A quoi bon avoir tant lutté si tout s’effondre !
Thèbe, Ellorah, Memphis, Carthage, aujourd’hui Londre,
Tous les peuples, qu’unit un vénérable hymen,
De la raison humaine et du devoir humain
Ont créé l’alphabet, et Paris fait le livre.
Paris règne. Paris, en existant, délivre.
Par cela seul qu’il est, le monde est rassuré.

Un vaisseau comme un sceptre étendant son beaupré
Est son emblème ; il fait la grande traversée,
Il part de l’ignorance et monte à la pensée.

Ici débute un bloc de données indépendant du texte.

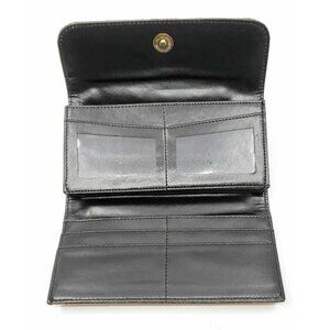The inside has 1 zippered section, 2 clear plastic section for IDs, 3 long sections for
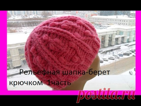 Рельефная шапка-берет крючком - 1 часть .Relief takes hat-hook. (Шапка #43)
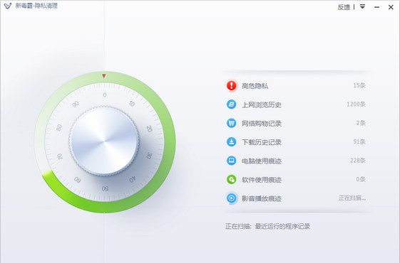 新毒霸隐私清理功能,可以清理“高危隐私”、“上网浏览器历史”、“网络购物记录”、“下载历史记录”、“电脑使用痕迹”和“影音使用痕迹”等。说白了,这隐私清理功能最大的特色,就是能帮你挖掘出暴露你不能说的秘密隐私记录……
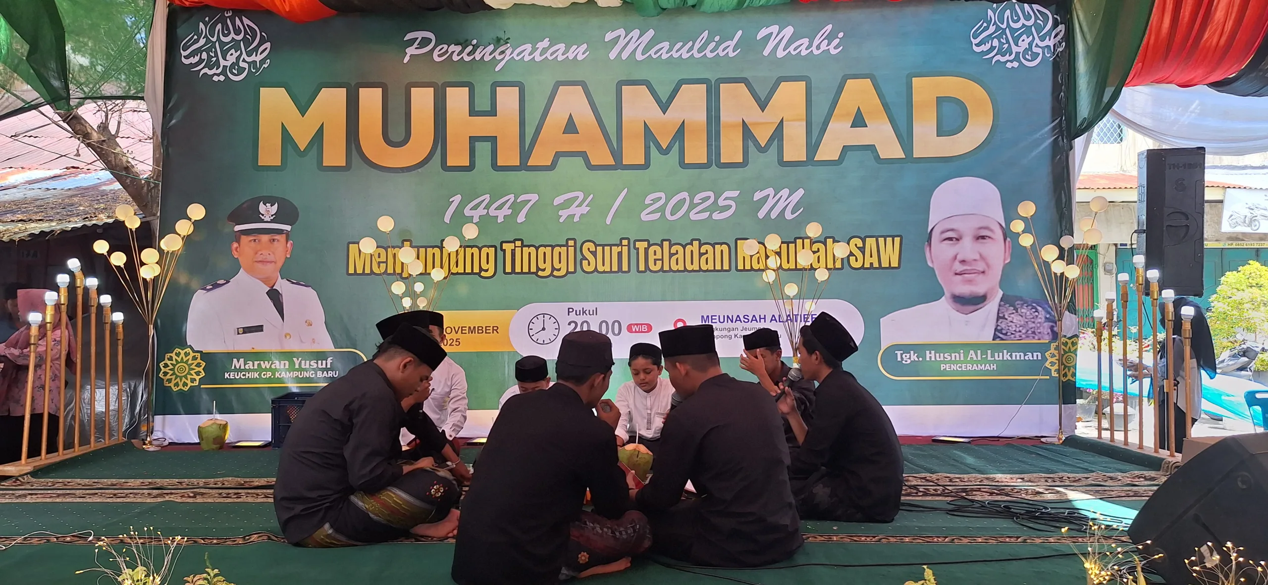 Banda Aceh – Suasana penuh hikmah dan kebersamaan mewarnai peringatan Maulid Nabi Muhammad SAW 1447 Hijriah yang digelar oleh Pemerintah Gampong Kampung Baru, Selasa (4/11/2025), di Meunasah Allatief, Banda Aceh.
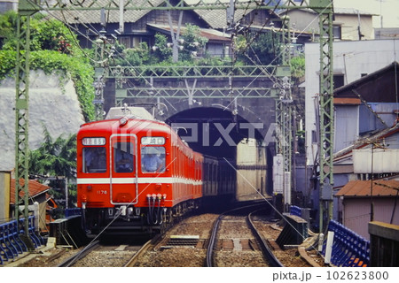 京急らしい光景のひとつ・戸部ー日ノ出町間を走る旧1000形特急(1178他)、1982年6月5日
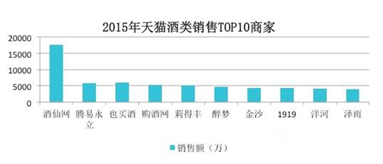 明細顯示,今年天貓酒類銷售TOP10商家分別是(按銷售額遞減):酒仙網官方旗艦店,騰易永立酒類專營店,也買酒官方旗艦店,購酒網官方旗艦店,莉得豐酒類專營店,醉夢酒類專營店,金沙酒類旗艦店,壹玖壹玖官方旗艦店,洋河官方旗艦店,澤雨食品專營店。
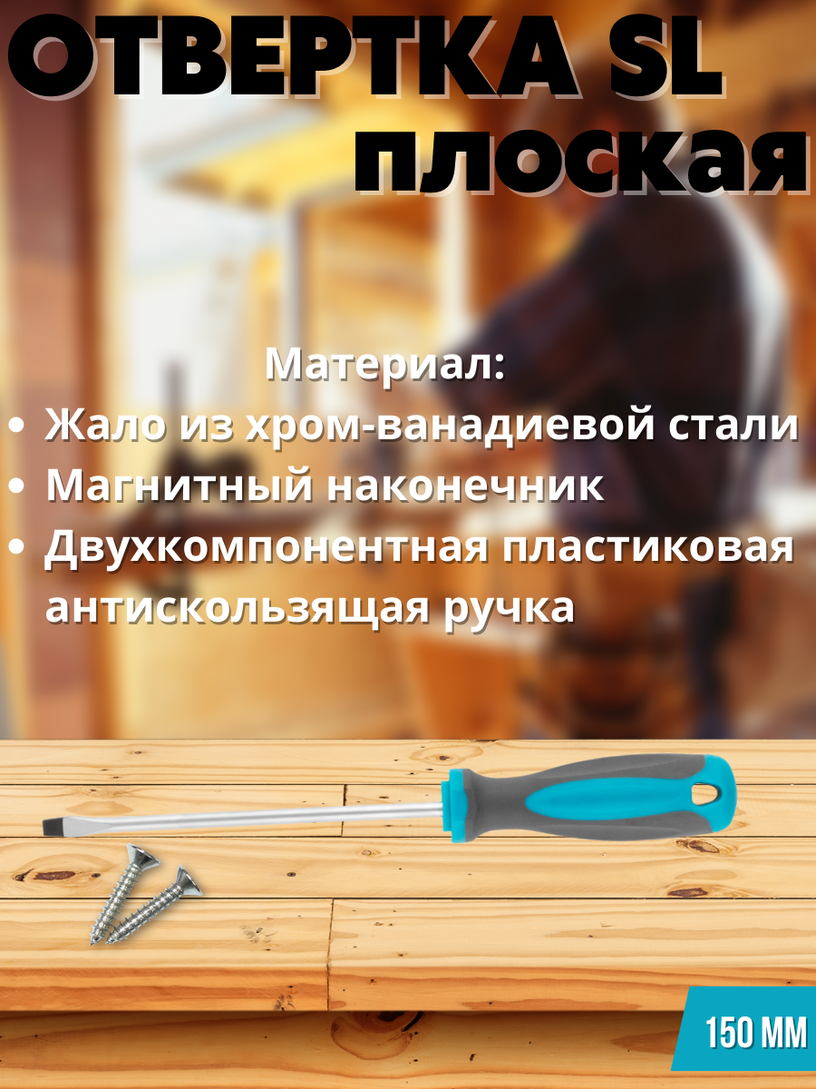 Материал: жало из хром-ванадиевой стали, магнитный наконечник, двухкомпонентная пластиковая антискользящая ручка.
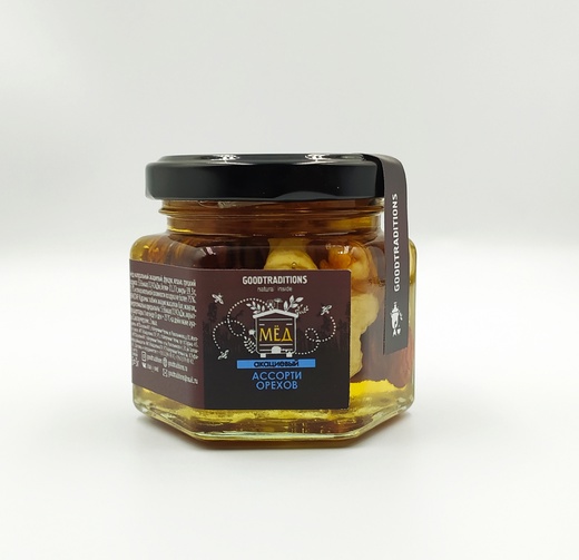 Состав: мед акациевый, грецкий орех, кешью, фундук.
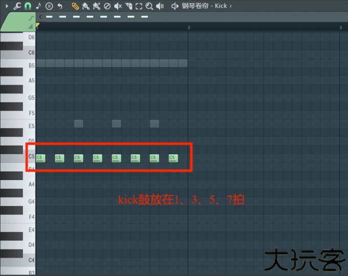 1、可以先从声部比较低的kick底鼓来编写,嘻哈音乐重视节奏感,而节奏感又主要通过鼓点来表达,所以在编写kick底鼓时可以编写在反拍位置,比如1、3、5、7拍,以此类推。
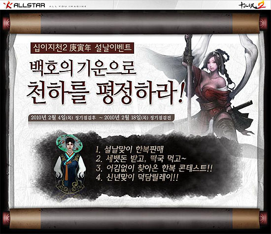 ... 먼저 설날 이벤트 기간 동안 구매 가능한 남. 녀 한복 아이템이 새롭게 선보이며, 게임에서 PVP(Player vs Player: 플레이어간 대전)나 ‘원일불사’ 몬스터를 사냥하게 되면 떡국과 세뱃돈이 드롭돼 활력단, 지각환 등 게임 아이템이 주어지는 이벤트가 진행된다.
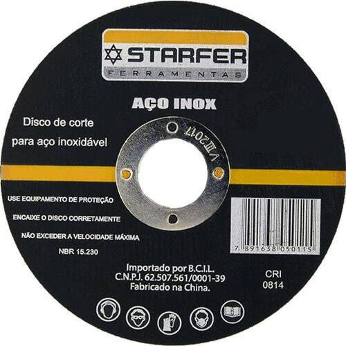 Disco de corte inox 9X7/8 STARFER possui alta performance e é utilizada em cortes de metais nobres, como aço inox.
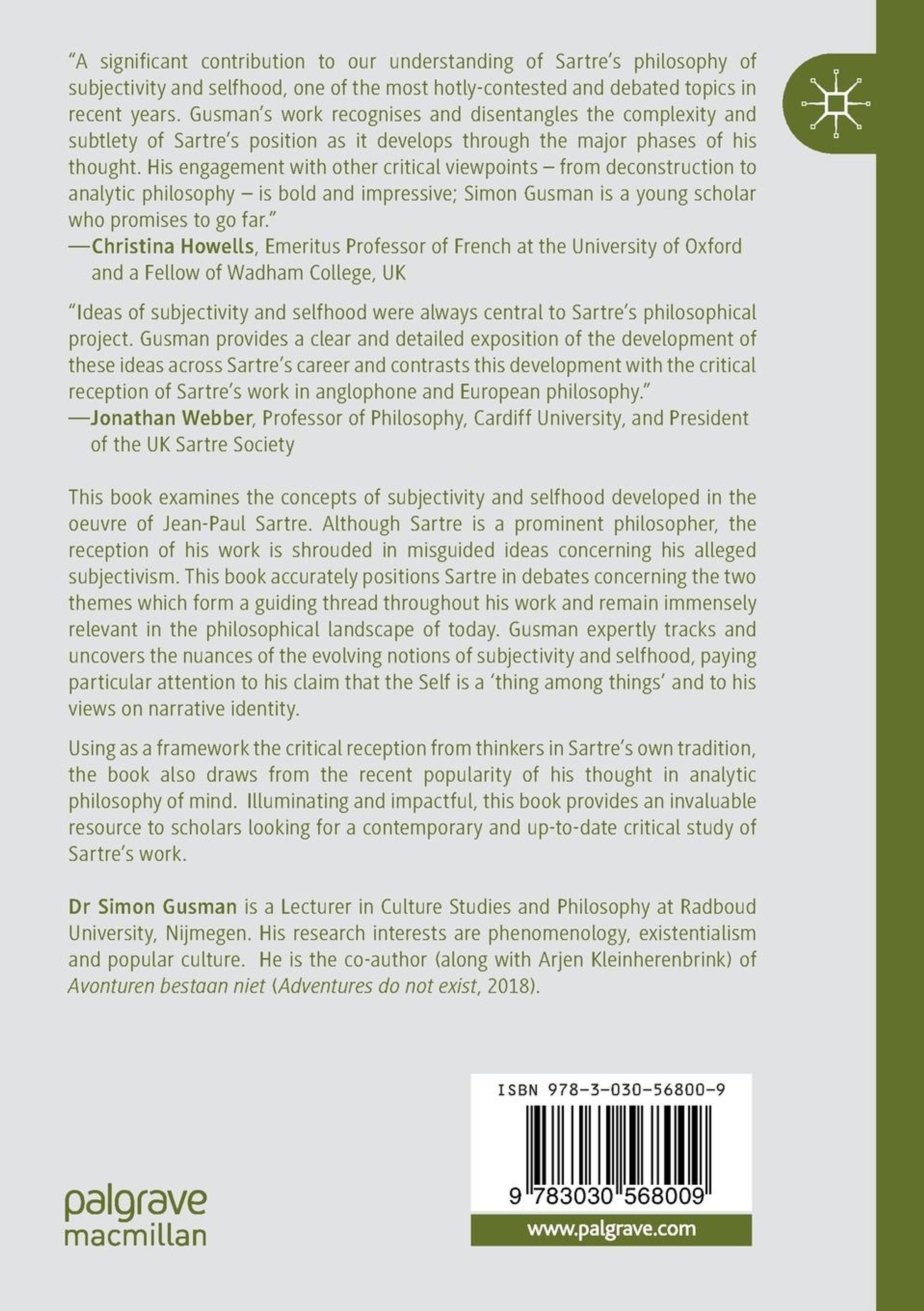 This book examines the concepts of subjectivity and selfhood developed in the oeuvre of Jean-Paul Sartre. Although Sartre is a prominent philosopher, the reception of his work is shrouded in misguided ideas concerning his alleged subjectivism. This book accurately positions Sartre in debates concerning the two themes which form a guiding thread throughout his work and remain immensely relevant in the philosophical landscape of today. Gusman expertly tracks and uncovers the nuances of the evolving notions of subjectivity and selfhood, paying particular attention to his claim that the Self is a ¿thing among things¿ and to his views on narrative identity. Using as a framework the critical reception from thinkers in Sartre¿s own tradition, the book also draws from the recent popularity of his thought in analytic philosophy of mind. Illuminating and impactful, this book provides an invaluable resource to scholars looking for a contemporary and up-to-date critical study of Sartre¿s work.
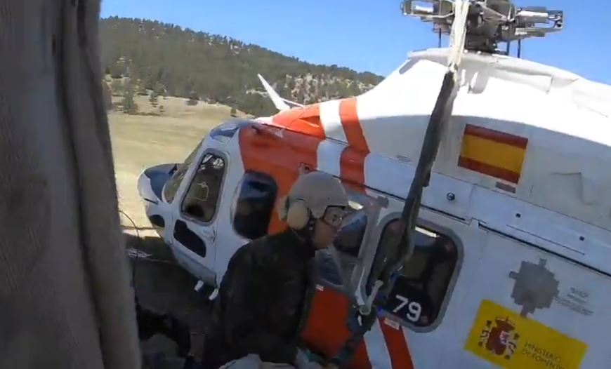 Un Chinook de las Fuerzas Aeromóviles del Ejército de Tierra rescata un helicóptero accidentado en una zona inaccesible de la Serranía de Cuenca , que no podía ser recuperado por ningún otro medio terrestre o aéreo que no fuera el Chinook HT-17 de las FAMET.

Il sait l’itinéraire ; il voit le but ; il va
Plus loin qu’on ne voulut, plus haut qu’on ne rêva,
Mais toujours il arrive : il cherche, il crée, il fonde,
Et ce que Paris trouve est trouvé pour le monde.
Une évolution du globe tout entier
Veut Paris pour pivot et le prend pour chantier,
Et n’est universelle enfin qu’étant française ;
Londre a Charles premier, Paris a Louis seize ;
Londre a tué le roi, Paris la royauté ;
Ici le coup de hache à l’homme est limité,
Là c’est la monarchie énorme et décrépite,
C’est le passé, la nuit, l’enfer, qu’il décapite.
Un mot que dit Paris est un ambassadeur ;
Paris sème des lois dans toute profondeur.